§ Task requirements:
Transcribe only part of the material below: the lines from the one containing "Dit exemplaar heeft" through the one containing "Покрывало на кровать", inclusive, exactly as written.

§ Records shown:
* * * * * * *

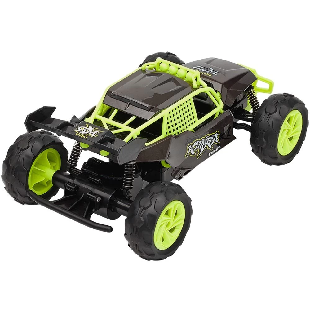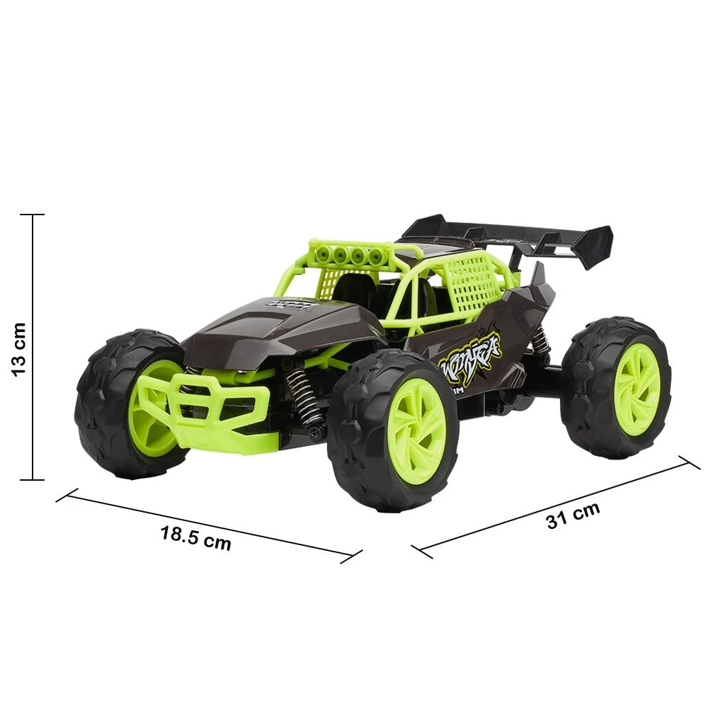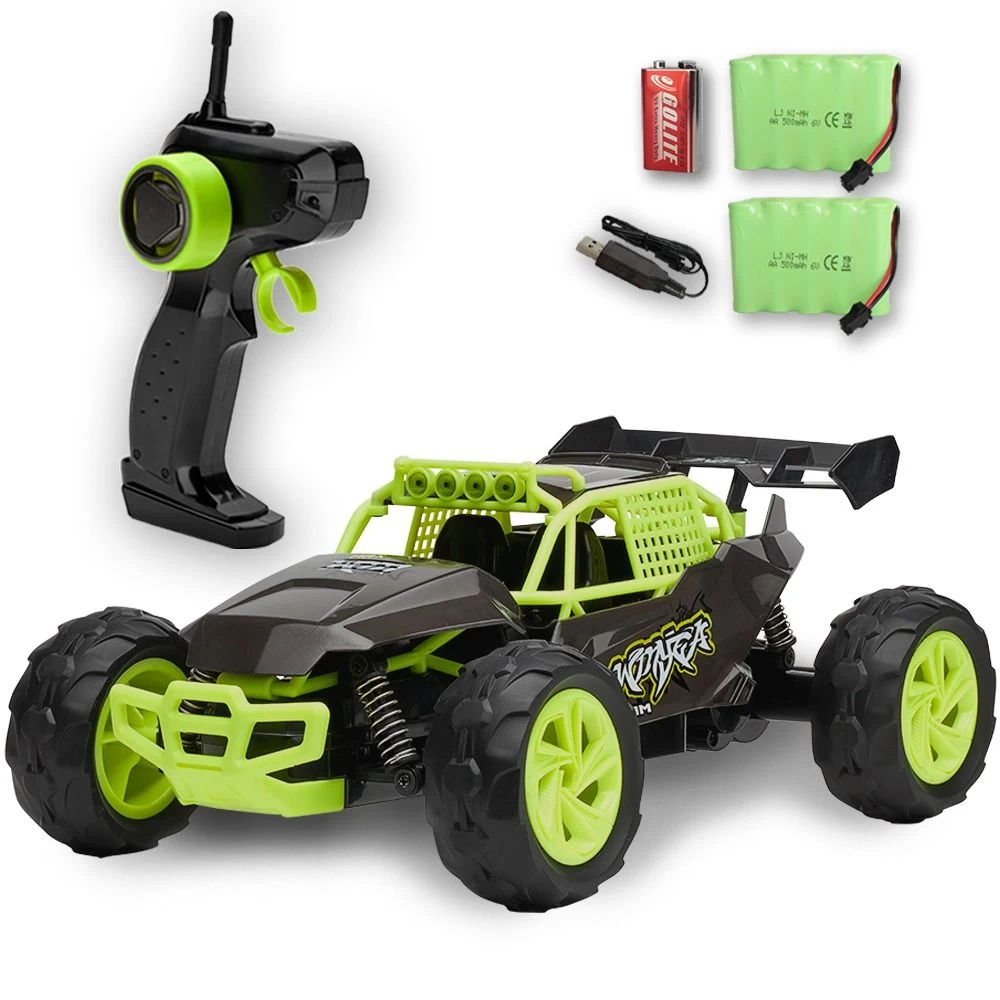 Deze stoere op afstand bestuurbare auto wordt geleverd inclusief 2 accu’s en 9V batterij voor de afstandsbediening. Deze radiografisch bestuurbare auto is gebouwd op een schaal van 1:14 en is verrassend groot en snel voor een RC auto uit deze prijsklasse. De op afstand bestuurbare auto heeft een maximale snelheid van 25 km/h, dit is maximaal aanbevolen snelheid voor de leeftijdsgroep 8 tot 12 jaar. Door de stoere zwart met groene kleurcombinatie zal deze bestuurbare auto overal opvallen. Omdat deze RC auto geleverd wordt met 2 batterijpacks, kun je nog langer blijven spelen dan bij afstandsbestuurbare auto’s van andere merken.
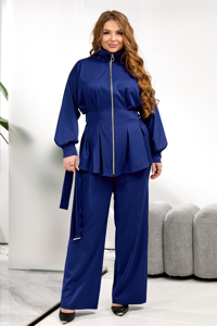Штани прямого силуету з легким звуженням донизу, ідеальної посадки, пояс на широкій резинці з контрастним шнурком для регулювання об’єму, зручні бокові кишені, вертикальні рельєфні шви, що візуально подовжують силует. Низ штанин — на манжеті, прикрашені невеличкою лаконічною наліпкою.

* * * * * * *

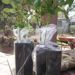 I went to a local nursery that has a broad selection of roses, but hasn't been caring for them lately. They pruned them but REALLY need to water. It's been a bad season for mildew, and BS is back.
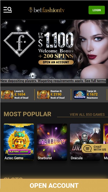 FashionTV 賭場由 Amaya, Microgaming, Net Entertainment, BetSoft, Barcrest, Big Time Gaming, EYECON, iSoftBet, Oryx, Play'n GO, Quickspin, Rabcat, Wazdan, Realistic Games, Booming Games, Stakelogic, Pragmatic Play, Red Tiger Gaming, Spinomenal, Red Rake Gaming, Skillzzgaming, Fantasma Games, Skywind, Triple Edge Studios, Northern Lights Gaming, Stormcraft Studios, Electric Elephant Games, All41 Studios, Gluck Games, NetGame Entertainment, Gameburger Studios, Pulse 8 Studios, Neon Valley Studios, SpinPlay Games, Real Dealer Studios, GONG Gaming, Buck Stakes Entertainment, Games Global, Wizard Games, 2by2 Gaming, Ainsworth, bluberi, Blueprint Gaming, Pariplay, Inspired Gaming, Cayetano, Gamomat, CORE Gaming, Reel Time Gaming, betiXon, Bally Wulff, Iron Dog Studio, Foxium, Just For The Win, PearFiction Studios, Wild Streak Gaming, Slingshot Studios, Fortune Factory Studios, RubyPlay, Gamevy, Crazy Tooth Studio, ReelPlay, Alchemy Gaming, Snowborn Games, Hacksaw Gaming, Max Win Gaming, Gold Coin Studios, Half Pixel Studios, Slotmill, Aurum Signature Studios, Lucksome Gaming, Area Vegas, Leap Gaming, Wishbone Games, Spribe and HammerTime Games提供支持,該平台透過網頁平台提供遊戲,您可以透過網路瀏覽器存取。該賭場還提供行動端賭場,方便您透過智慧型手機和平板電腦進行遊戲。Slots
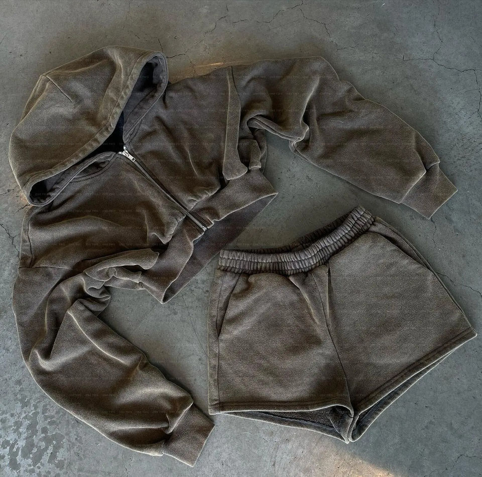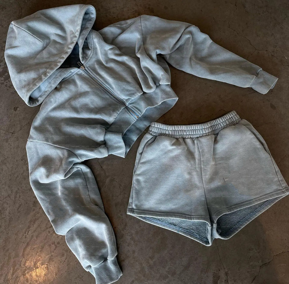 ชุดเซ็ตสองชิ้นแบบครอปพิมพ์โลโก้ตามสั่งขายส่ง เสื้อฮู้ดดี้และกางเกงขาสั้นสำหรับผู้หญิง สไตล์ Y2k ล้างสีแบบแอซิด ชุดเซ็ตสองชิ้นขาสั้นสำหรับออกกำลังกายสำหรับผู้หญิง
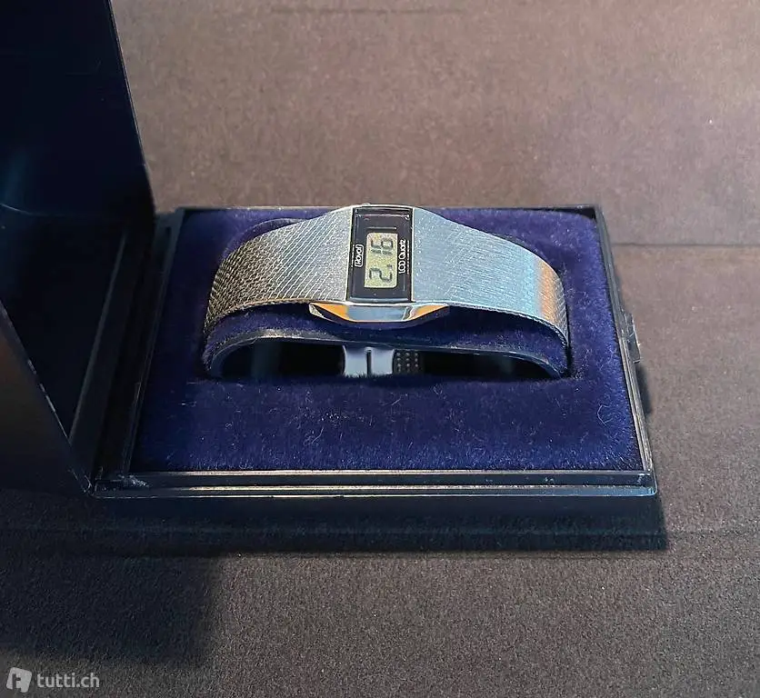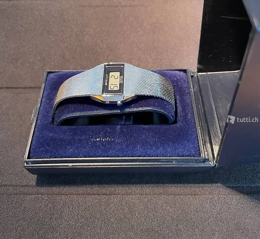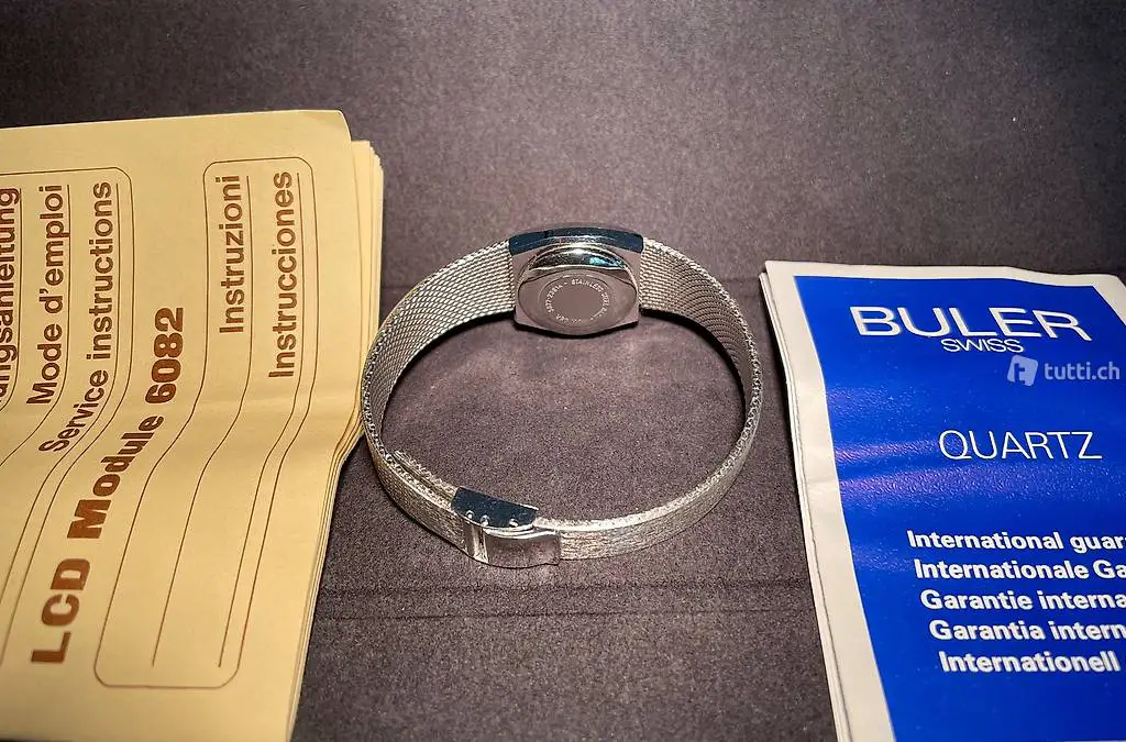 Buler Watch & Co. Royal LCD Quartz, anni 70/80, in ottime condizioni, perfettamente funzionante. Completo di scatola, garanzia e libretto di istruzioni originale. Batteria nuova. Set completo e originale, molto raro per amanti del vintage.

* * * * * * *

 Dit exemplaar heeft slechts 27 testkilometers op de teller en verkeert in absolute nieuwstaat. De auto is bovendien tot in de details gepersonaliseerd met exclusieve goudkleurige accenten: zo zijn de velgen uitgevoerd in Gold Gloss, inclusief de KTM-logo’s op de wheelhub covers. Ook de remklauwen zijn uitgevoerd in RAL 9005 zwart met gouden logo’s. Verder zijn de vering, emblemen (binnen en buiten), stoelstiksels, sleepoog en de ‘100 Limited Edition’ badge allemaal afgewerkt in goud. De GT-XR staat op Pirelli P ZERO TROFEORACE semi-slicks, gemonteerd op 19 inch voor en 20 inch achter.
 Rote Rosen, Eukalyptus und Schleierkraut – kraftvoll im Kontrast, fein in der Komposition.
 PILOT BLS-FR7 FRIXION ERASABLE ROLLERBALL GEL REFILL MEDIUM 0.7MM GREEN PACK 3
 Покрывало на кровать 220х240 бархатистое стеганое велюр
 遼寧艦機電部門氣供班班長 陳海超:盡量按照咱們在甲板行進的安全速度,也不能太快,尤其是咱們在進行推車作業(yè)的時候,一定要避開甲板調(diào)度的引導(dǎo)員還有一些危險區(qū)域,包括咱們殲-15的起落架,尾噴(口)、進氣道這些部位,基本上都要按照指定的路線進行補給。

* * * * * * *

§ Written reply:
 Dit exemplaar heeft slechts 27 testkilometers op de teller en verkeert in absolute nieuwstaat. De auto is bovendien tot in de details gepersonaliseerd met exclusieve goudkleurige accenten: zo zijn de velgen uitgevoerd in Gold Gloss, inclusief de KTM-logo’s op de wheelhub covers. Ook de remklauwen zijn uitgevoerd in RAL 9005 zwart met gouden logo’s. Verder zijn de vering, emblemen (binnen en buiten), stoelstiksels, sleepoog en de ‘100 Limited Edition’ badge allemaal afgewerkt in goud. De GT-XR staat op Pirelli P ZERO TROFEORACE semi-slicks, gemonteerd op 19 inch voor en 20 inch achter.
 Rote Rosen, Eukalyptus und Schleierkraut – kraftvoll im Kontrast, fein in der Komposition.
 PILOT BLS-FR7 FRIXION ERASABLE ROLLERBALL GEL REFILL MEDIUM 0.7MM GREEN PACK 3
 Покрывало на кровать 220х240 бархатистое стеганое велюр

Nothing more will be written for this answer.